Disabling HTTP completely

[nicholashadaway]

I am unable to push the SSL rewrite code into my Nagios configuration due to security restrictions.
My options are to disable HTTP in the apache configuration or to put an HAProxy instance in front of NagiosXI

Are there any negative side effects to disabling HTTP and only allowing HTTPS?

[benjaminsmith]

Hello Nicholas,

I am unable to push the SSL rewrite code into my Nagios configuration due to security restrictions.

Which re-write code?

You can force https in Nagios XI. Please see the guide below for setting this up.

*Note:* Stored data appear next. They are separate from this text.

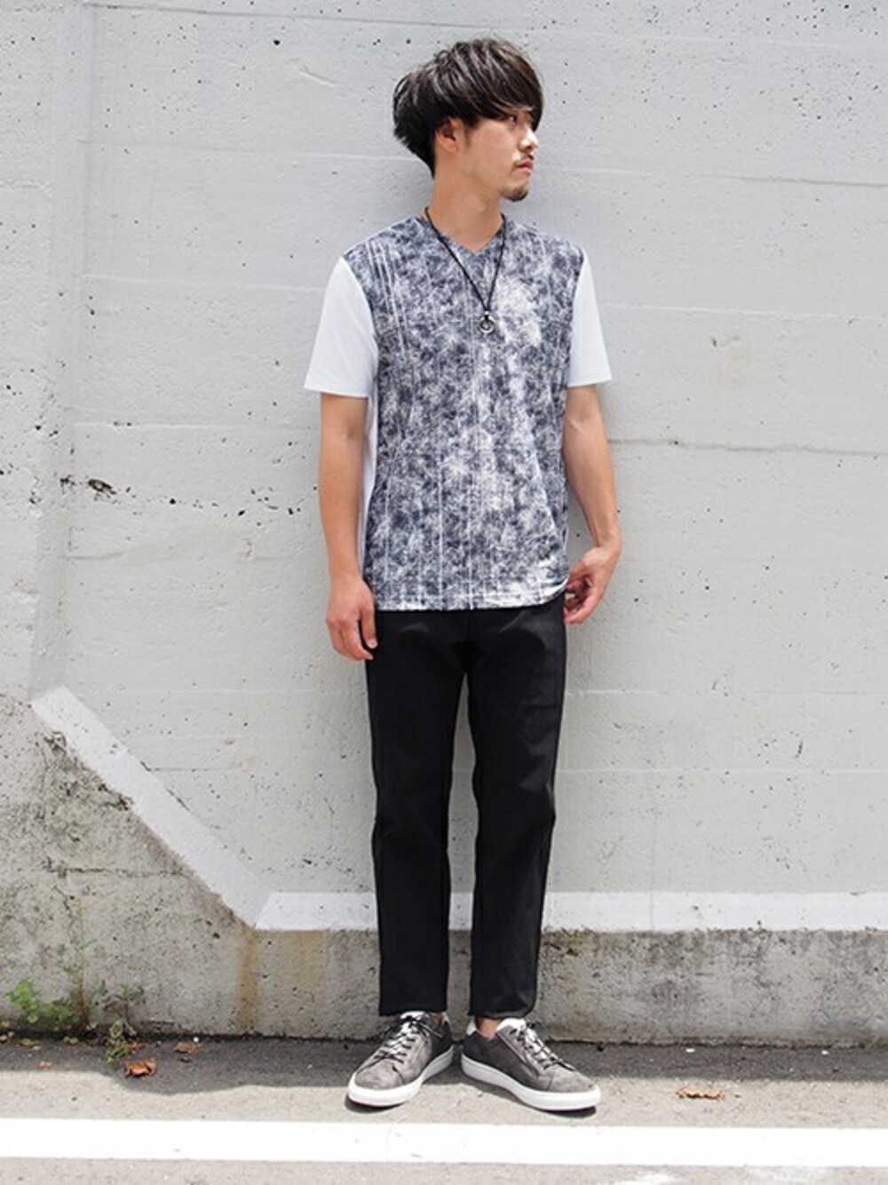 ニコル(ニコル本社)のTシャツ/カットソー「ボタニカル風柄切り替え半袖Tシャツ」を使ったコーディネート
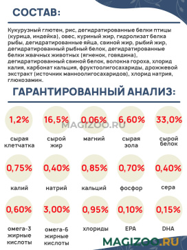 Кукурузный глютен, рис, дегидратированные белки птицы (курица, индейка), овес, куриный жир, гидролизат белка рыбы, дегидратированные яйца, свиной жир, рыбий жир, дегидратированный рыбный белок, дегидратированные белки жвачных животных (ягненок, говядина), дегидратированный свиной белок, волокна гороха, хлорид калия, карбонат кальция, фруктоолигосахариды, дрожжевой экстракт (источник манноолигосахаридов), хлорид натрия, глюкозамин.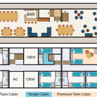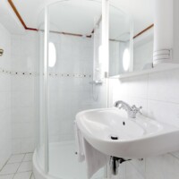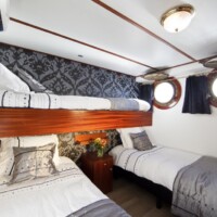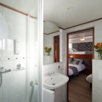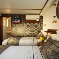 The Princesse Royal has sixteen cabins, situated on the lower deck. Guests are accommodated in eleven twin cabins (11 m² – 118.5 sq.ft.) with two single beds set next to each other, four premium twin cabins (14 m² – 151 sq.ft.) with two single beds next to each other and a small sitting area and one single cabin (7 m² – 75.5 sq.ft.). On prior request, the beds in most twin cabins can be set together as a double bed. On request, an additional bed is available in some twin cabins for children up to age 16 (as fold away bunk bed, above one of the other beds). Each cabin has an en-suite bathroom with shower, toilet and wash basin. All cabins have an individually regulated air conditioning, ventilation system and central heating; the portholes in all cabins are fixed for safety reasons. Furthermore, each cabin has a flat screen (satellite) TV, a mini safe and a hair dryer.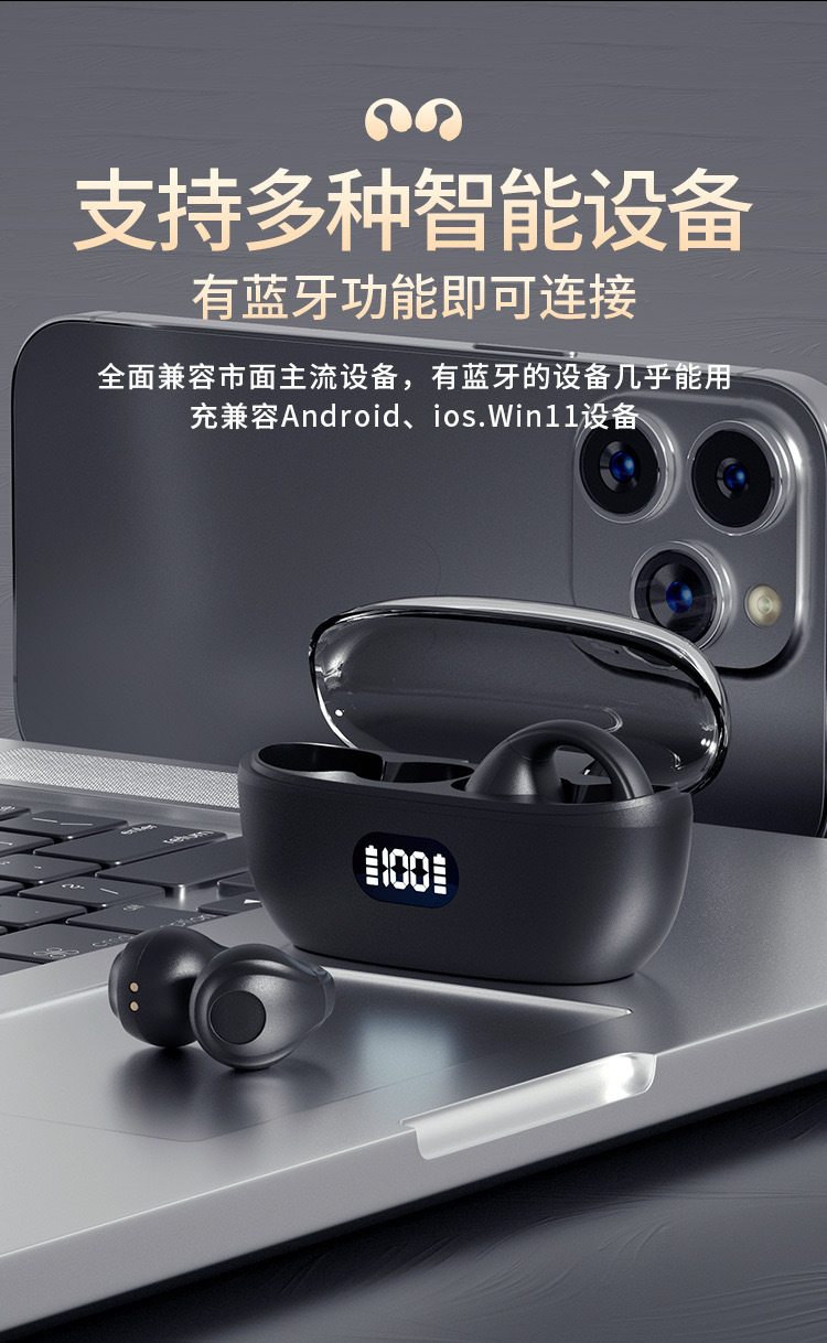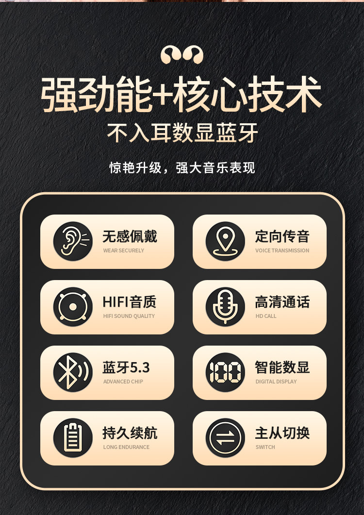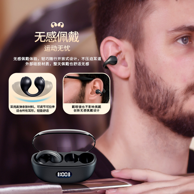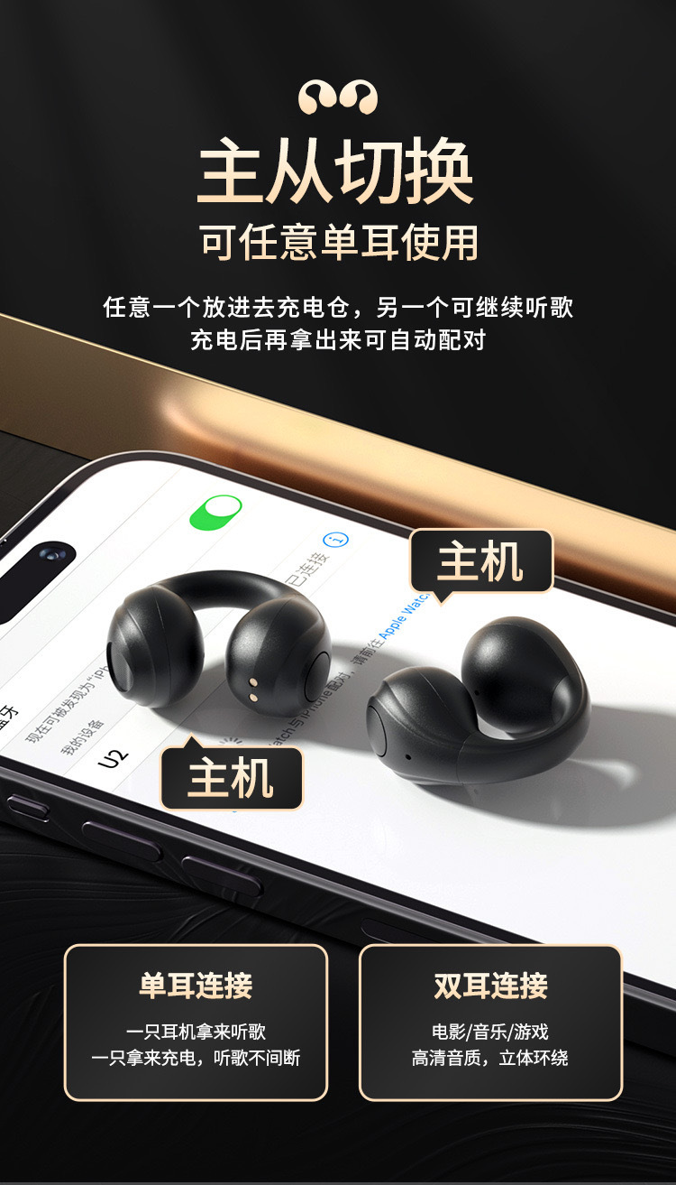 新款U2长续航高音质无线蓝牙耳机黑科技运动降噪智能骨传导夹耳式

Nagios XI How To Configure SSL/TLS

[nicholashadaway]

Regarding enabling the rewrite: The problem is my security team does not allow apache rewrites and will only allow a proxy in front of the server to do a rewrite.

My question specifically is: Can I disable HTTP (leaving HTTPS enabled only) in my apache configuration or do I need to leave HTTP enabled in apache for Nagios XI to work properly?

[mbellerue]

You should be able to run without an HTTP configuration. The only thing I see potentially breaking are any servers that are set to passively report back via the API via HTTP rather than HTTPS.

You could probably watch your /var/log/httpd/access_log, and see if you're getting new messages there. That should be your HTTP log. All of your HTTPS requests should go to /var/log/httpd/ssl_access_log. That would allow you to track down anything that is still communicating with the Nagios server over HTTP.

[nicholashadaway]

Thank you for clarifying this for me. I will do some experimentation with this on my test instance and confirm.

[mbellerue]

Sounds good. We will keep this thread open and wait to hear back.